In the state of Hesse and the Palatinate region, a similar word known as Kreppel or Kräppel is found. These terms seem to be the counterparts of the word Krapfen in the Hessian and Palatinate dialects, where the -el suffix could have suggested some diminutive form (with a possible rough translation being ‘little claw’), which could allude to the traditional way these pastries were prepared, and the general similarities shared with that for the Krapfen.

Sometimes, you would also encounter the word Fastnachtsküchelchen or Fastnachtsküchle. This also translates to “carnival doughnuts”, which origin you can find for Faschingskrapfen above. But we might want to break down what the –küchelchen part means. These sort of translates to “little cakes”, as seen by the diminutive suffix -chen. And so, these would be the ‘little cakes’ one would eat around Carnival.

To visualise the geographical distribution of the various German words for the jelly-filled donut, there is a map by the Atlas zur deutschen Alltagssprache you can find here. A similar map is also done up by Zeit Magazin, and even a German supermarket chain’s website. There are also other terms mentioned here in this article, especially the terms used in the state of North Rhine-Westphalia. One possible reason why there are so many terms for this in a single language is, there were traditionally several forms of preparing the pastry that differed by shape and presence of filling, such as the claw, which could have converged over time. This is combined with the various German dialects spoken in Germany, Austria and Switzerland, which contributes to the diverse number of terms referring to the humble jelly-filled donut.

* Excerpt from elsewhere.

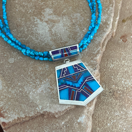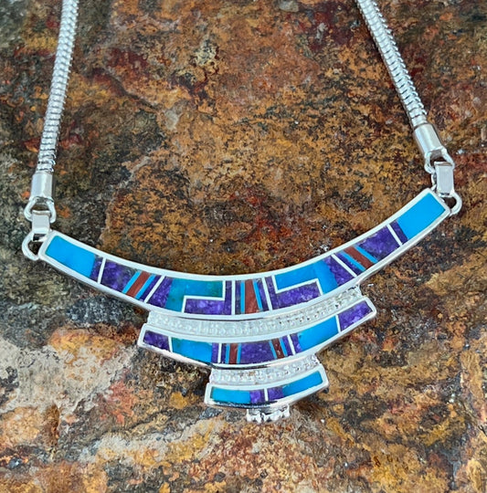 NEW David Rosales Summer Sunset Inlaid Sterling Silver Necklace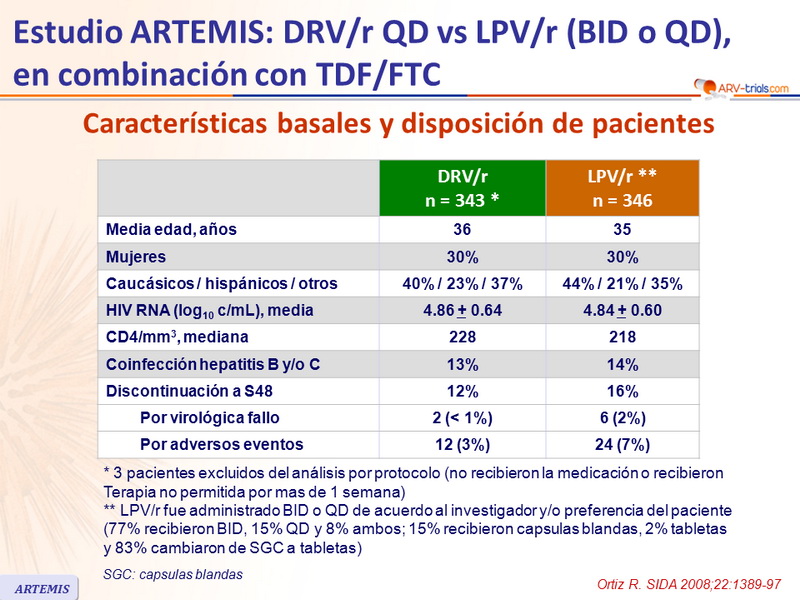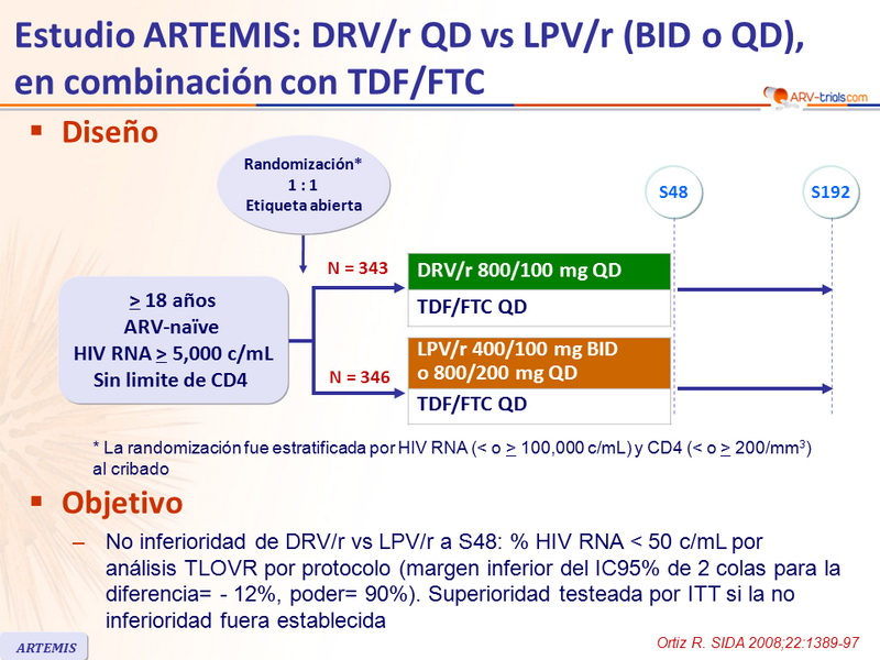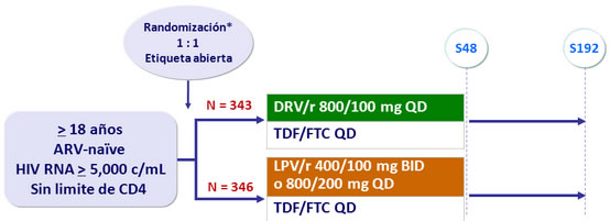 Estudio ARTEMIS: DRV/r QD vs LPV/r (BID o QD),en combinación con TDF/FTC

Naturally, you would find words for these entering various European languages to refer to this pastry, often prepared using similar methods but also possibly adding a local cultural twist to them. Examples of languages borrowing or deriving from the word Krapfen include Slovene (krof), Serbian (крофна), and some other languages in the Balkans, while Portuguese sort of references the Berliner, as bolas de Berlim, quite literally ‘Berlin balls’. Argentinian, Uruguayan (berlinesa, but also bola de fraile) and Chilean Spanish (berlín), Danish (Berliner Pfannkuchen, Berlinerbolle) and Dutch (berlinerbol) also refer to the pastry by borrowing the Berliner in some form as well.

And so, this has been a little exploration into the rather diverse terminology surrounding the jelly-filled donut. This as given me a little craving for these pastries, which I am tempted to satisfy after this essay is published. What do you call the jelly-filled donut in your language or dialect? Let me know in the comments!